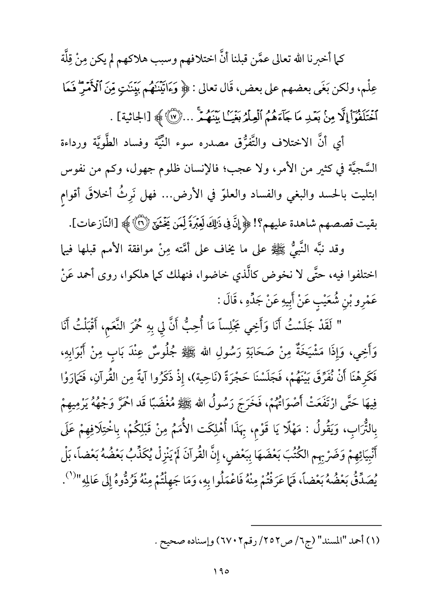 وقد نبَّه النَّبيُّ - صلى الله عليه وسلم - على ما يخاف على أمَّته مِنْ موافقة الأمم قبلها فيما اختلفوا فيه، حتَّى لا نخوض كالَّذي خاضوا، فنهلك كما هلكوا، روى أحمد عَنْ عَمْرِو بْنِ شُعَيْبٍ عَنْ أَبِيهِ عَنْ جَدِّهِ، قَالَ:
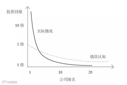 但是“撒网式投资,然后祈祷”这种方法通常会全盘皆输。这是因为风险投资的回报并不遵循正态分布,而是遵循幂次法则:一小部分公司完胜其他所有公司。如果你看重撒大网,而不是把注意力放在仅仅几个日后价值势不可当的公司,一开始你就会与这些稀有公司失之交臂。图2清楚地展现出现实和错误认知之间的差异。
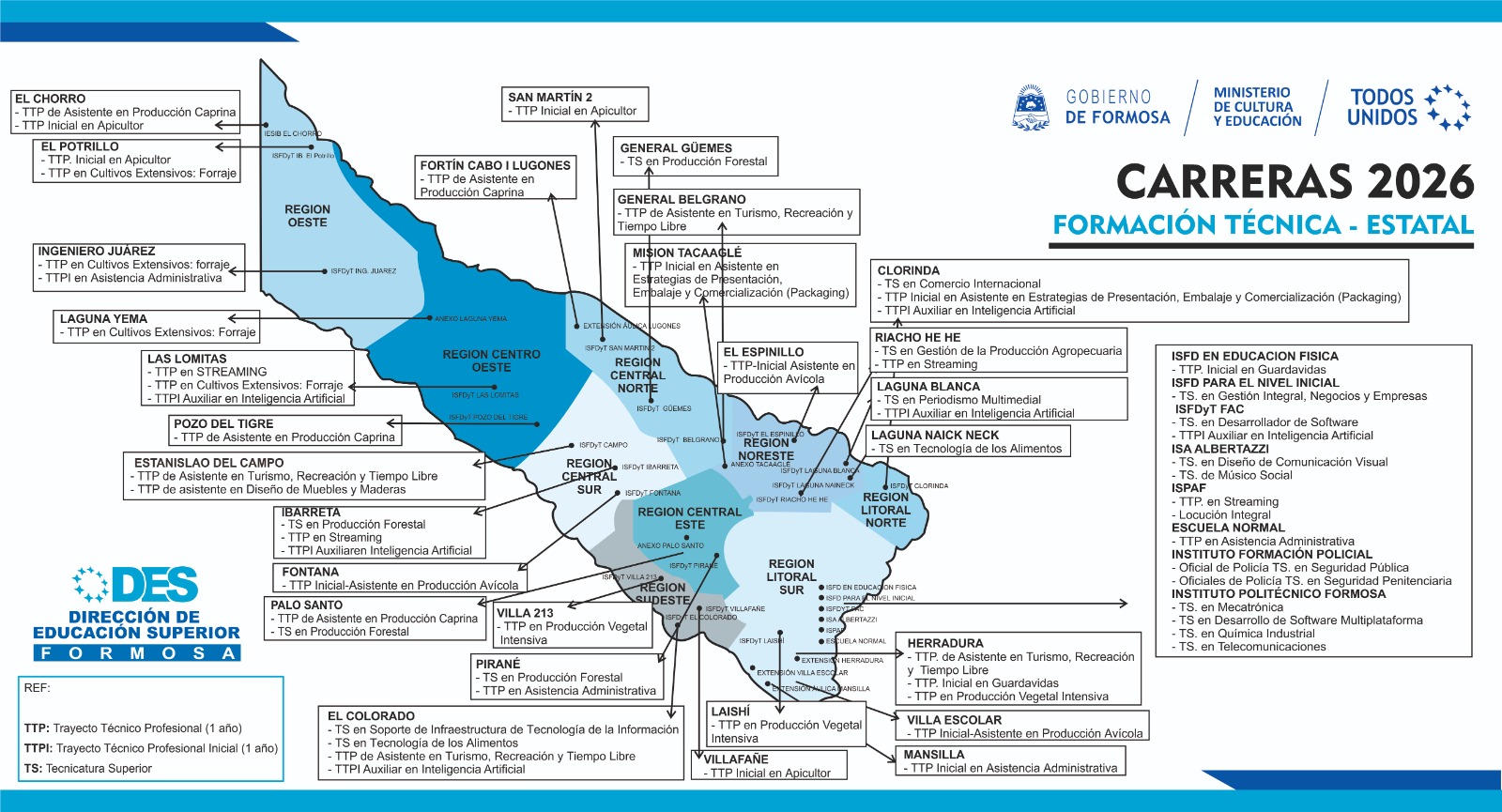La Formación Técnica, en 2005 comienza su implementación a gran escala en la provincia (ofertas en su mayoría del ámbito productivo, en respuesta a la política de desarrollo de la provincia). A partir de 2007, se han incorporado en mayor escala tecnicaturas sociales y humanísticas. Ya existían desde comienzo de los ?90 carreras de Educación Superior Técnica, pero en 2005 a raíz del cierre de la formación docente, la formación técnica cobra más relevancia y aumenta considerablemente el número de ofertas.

**Exercise:**
Pictures aside, print every line of the material exactly.

**Written response:**
 وقد نبَّه النَّبيُّ - صلى الله عليه وسلم - على ما يخاف على أمَّته مِنْ موافقة الأمم قبلها فيما اختلفوا فيه، حتَّى لا نخوض كالَّذي خاضوا، فنهلك كما هلكوا، روى أحمد عَنْ عَمْرِو بْنِ شُعَيْبٍ عَنْ أَبِيهِ عَنْ جَدِّهِ، قَالَ:
 但是“撒网式投资,然后祈祷”这种方法通常会全盘皆输。这是因为风险投资的回报并不遵循正态分布,而是遵循幂次法则:一小部分公司完胜其他所有公司。如果你看重撒大网,而不是把注意力放在仅仅几个日后价值势不可当的公司,一开始你就会与这些稀有公司失之交臂。图2清楚地展现出现实和错误认知之间的差异。
La Formación Técnica, en 2005 comienza su implementación a gran escala en la provincia (ofertas en su mayoría del ámbito productivo, en respuesta a la política de desarrollo de la provincia). A partir de 2007, se han incorporado en mayor escala tecnicaturas sociales y humanísticas. Ya existían desde comienzo de los ?90 carreras de Educación Superior Técnica, pero en 2005 a raíz del cierre de la formación docente, la formación técnica cobra más relevancia y aumenta considerablemente el número de ofertas.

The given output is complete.